# Questions for Jacob Hansen



## marco_ktl

Hi all!
ProAudioShack will be interviewing Jacob Hansen.

Mr. Hansen has been around for a while. His first works as a producer are dated back in the early '90. Now, in his Hansen Studios he is recording, mixing, and producing some of the best european rock and metal bands. His references include: Volbeat, Rob Rock, Hatesphere, etc...

PAS members are most welcome to post here question-ideas about recording/mixing techniques, production tips&hints, personal sound tastes, general studio life style, you name it (don't be too personal ).

So... your turn to write something in this thread!:sweat:

Cheers,
-Marco


----------



## ngarjuna

Welcome to Pro Audio Shack, Jacob! Thanks a lot for taking the time to answer questions here, much appreciated.
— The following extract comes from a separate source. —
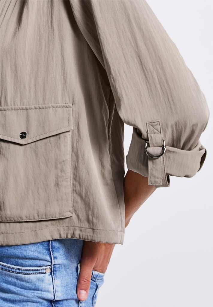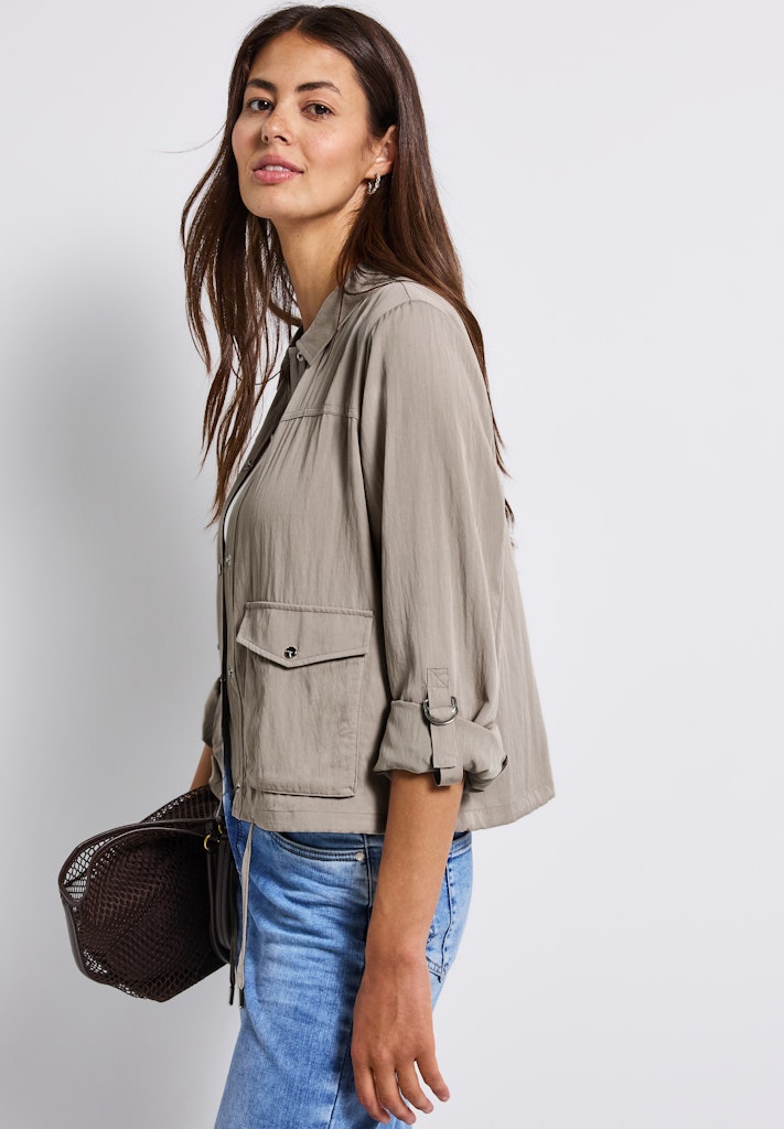 Diese sommerliche Strukturjacke von Street One für Damen vereint den Charme eines Overshirts mit modischen Details. Aufgesetzte Taschen, ein Hemdkragen und Turn-Up-Ärmel verleihen dem Look eine lässige Note, während der Tunnelzug am Saum für individuellen Sitz sorgt. Der leichte Stoff trägt sich angenehm und macht die Jacke zum idealen Layering-Piece. Overshirt mit aufgesetzten Taschen Hemdkragen Langarm mit Turn-Up Tunnelzug am Saum Angenehmer Tragekomfort Material: 65% Viskose, 35% Nylon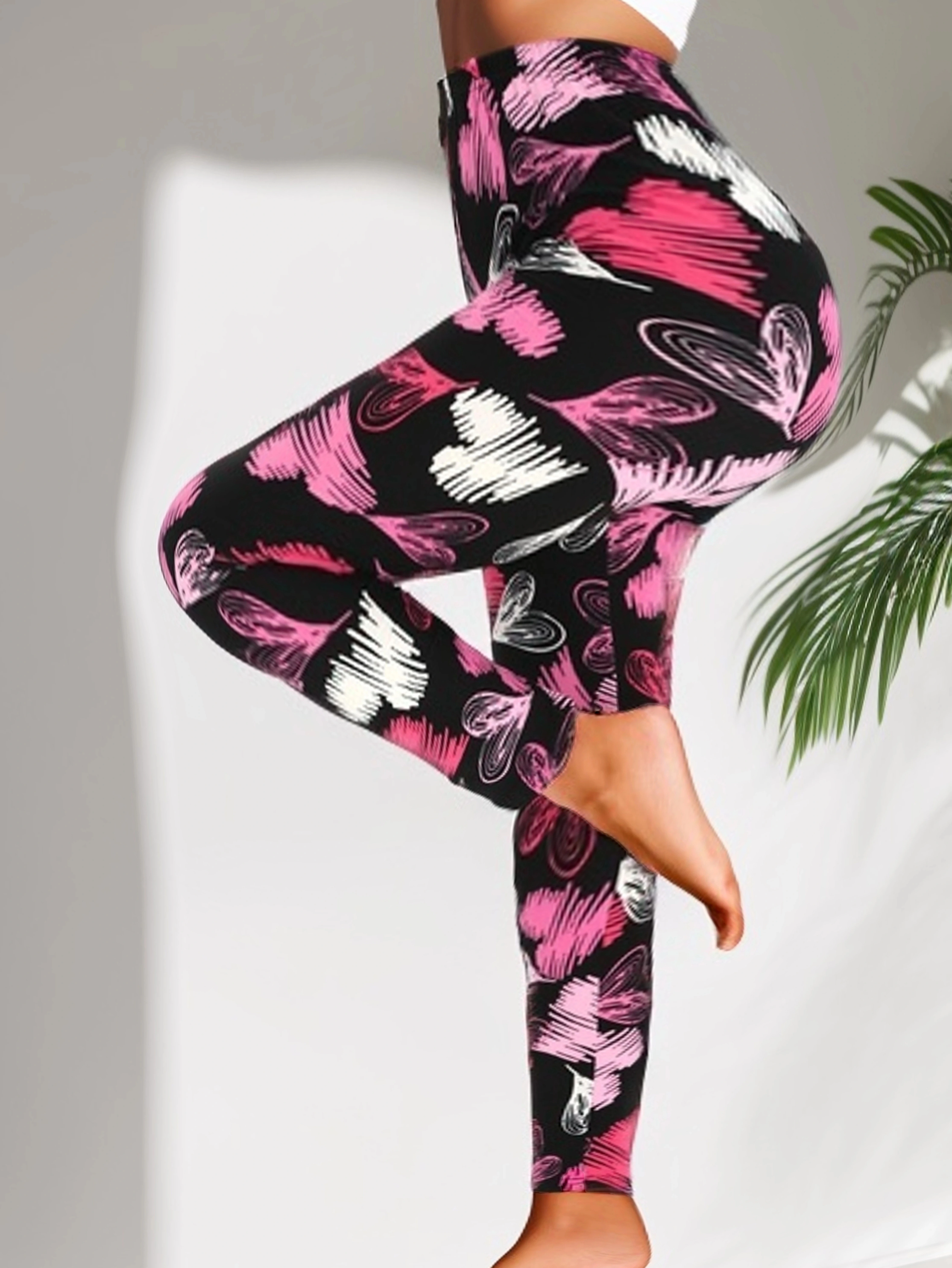 Plus Size Red And White Heart-Shaped Sports High Elasticity Casual Simple Cropped Pants

I have question about the changing music industry. We often hear from American industry people how much the industry is changing and the ongoing debates about copyright infringement and piracy, the ubiquity of the internet and the overall decreasing value of music amongst listeners. How have these issues impacted the European music industry generally and your work specifically?


----------



## marco_ktl

Here are my questions:


What steps do you follow when you have to deal with first-studio-experience bands?
What was your most ridiculous experience you had in the studio? 
How does analogue and digital equipment merge in your signal path when recording or mixing?
What are your ”first choice” of microphones and preamps when starting a new project?
To trigger or not to trigger?
What's the most important thing to remember when you are mixing? 
Which record you didn't produce would you have loved to produce, and why?
Which record you produced would you love to re-do, and why?
Has ”preset” killed sound personality?
In what way your experience as a musician interacts with your producer's mind?


-Marco


----------



## sss

*85 dB SPL ?*

Hi Jacob,

I would like to get the explanation why people suggest us to listening monitor at 85 dB SPL ? I feel it just too loud.. Thanks a lot


----------



## immortalgropher

What's the funniest event that has happened during any of your sessions?


----------



## ngarjuna

Another question:

What's your take on the "Loudness Wars" in mastering and how they've particularly impacted your genre?


----------



## immortalgropher

How's the interview coming along?!


----------



## marco_ktl

AstralPlaneStudios said:


> How's the interview coming along?!


I think I'll wait a couple more days to see if someone has more questions and then I will mail him what we have here!

-Marco


----------



## marco_ktl

Hey all,
I think it's time to send the questions to mr. Hansen!
Tomorrow I will mail them...
If someone has some last minute questions, please post them now! 

Cheers,
-Marco


----------



## marco_ktl

*Jacob Hansen answers.*

*-What steps do you follow when you have to deal with first-studio-experience bands?*
I explain them as much as possible, and I also talk a lot about my experiences in the music business, if they want me to. It's sometimes very rewarding working with new bands, as they're most of the time very interested in using my expertise.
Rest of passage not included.